Het is heel essentieel om zorgvuldig omgaan met de gemarkeerde stappen in het protocol. Bijvoorbeeld, bij het opstellen vloeistof in de spuit in de stappen 1 en 2, zorg ervoor dat er geen luchtbellen in de spuit. Want zodra de bubbels worden geïnjecteerd in SALVI, kunnen ze lekken veroorzaken in vacuüm. 9 Dus, als eventuele luchtbellen in acht worden genomen, is het verstandig om zich te ontdoen van hen te krijgen door het instellen van de spuit rechtop en voorzichtig uit te drukken de bubbels. Bovendien is het zeer belangrijk om het venster SiN in SALVI vlak voor optimale ToF-SIMS maken, zoals beschreven in stap 3. Deze vlakheid van de detectiezone rechtstreeks effect op de datakwaliteit volgens het ontwerp van ToF-SIMS. 26 het moet het apparaat visueel te inspecteren na het veiligstellen van het geheel op de SIMS podium. Als de SiN-venster niet horizontaal, past u de schroeven en verander de hoogteSALVI van het apparaat om te controleren dat alles op hetzelfde vlak zoveel mogelijk. Deze gevoelige punten moeten verbeteren en zorgvuldigheid, die het succes en de betrouwbaarheid van het gehele experiment te bepalen.

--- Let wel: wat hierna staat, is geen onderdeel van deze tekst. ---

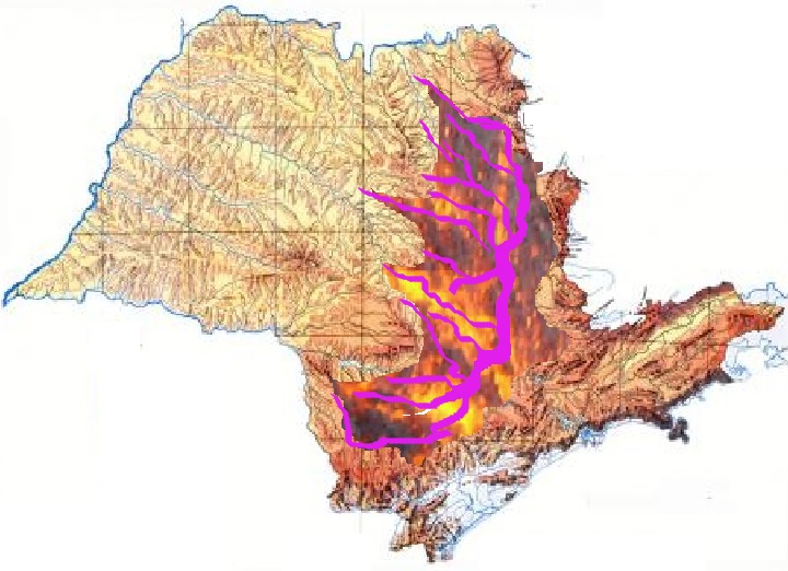 Dentre os vários tipos de modificações que a terro sofreu e ainda sofre, aquela que nos interessa de perto são os Derrames de Basalto. São ocorrências girantescas, a terra abre uma fenda com centenas de quilômetros de extensão e por esta fenda sai o magma super quente na forma de lava que vai se espalhando lentamente. O desenho abaixo dá uma ideia de como aconteceram esses derrames.
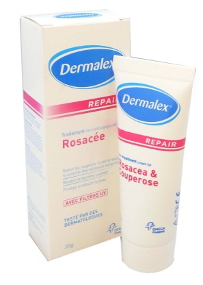 Les produits DERMALEX sont composés de soins pour traiter et soulager les peaux souffrant de sècheresse, d’eczéma et de psoriasis. La crème Repair Rosacée répare en reformant le film protecteur de l’épiderme et protège de nouvelles poussées de rosacées et couperose, estompe les rougeurs sur la peau, hydrate et apaise instantanément et pour longtemps de tout inconforts grâce au complexde Tri-Solve ainsi qu’aux pigments de couleur verte. Sa texture non grasse pénètre vite à l’application pour laisser la peau confortable et douce dès l’application.

Zoals getoond in figuur 1b, de pieken met m / z 19, 37, 55, 73, 91 en 109 hebben hoge tellingen. Dit geeft aan dat er een flink aantal van water clusters (H 3 O +, H 5 O 2 +, H 7 O 3 +, H 9 O 4 +, H 11 O 5 + en H 13 O 6 +) in de positieve secundaire ionen. Andere water clusters (gegevens niet getoond) met hogere m / z waarden ook relatief sterke pieken in vergelijking met naburige pieken. Deze grote hoeveelheden water clusters worden uitgezonden door de DI wateroppervlak na de SiN punch-through. cluster water signalen in de positieve modus niet waarneembaar in de voorafgaande work; en dit werd toegeschreven aan de lage tellingen van secundaire ionen en niet geoptimaliseerde ToF-SIMS omstandigheden in het verleden. 8 Met de voortdurende inspanning optimale SALVI en ToF-SIMS acquisitievoorwaarden zoals primaire ionenbundel (dat wil zeggen Bi + vs . Bi + 3), pulsbreedte en de huidige omstandigheden tijdens diepte-, is het nu mogelijk om nauwgezet 44 water clusters in de positieve modus met de in dit document omstandigheden. Resultaten hier zijn veelbelovend voor de rol van water in dynamica van verschillende biologische moleculen en biologische systemen verder te onderzoeken.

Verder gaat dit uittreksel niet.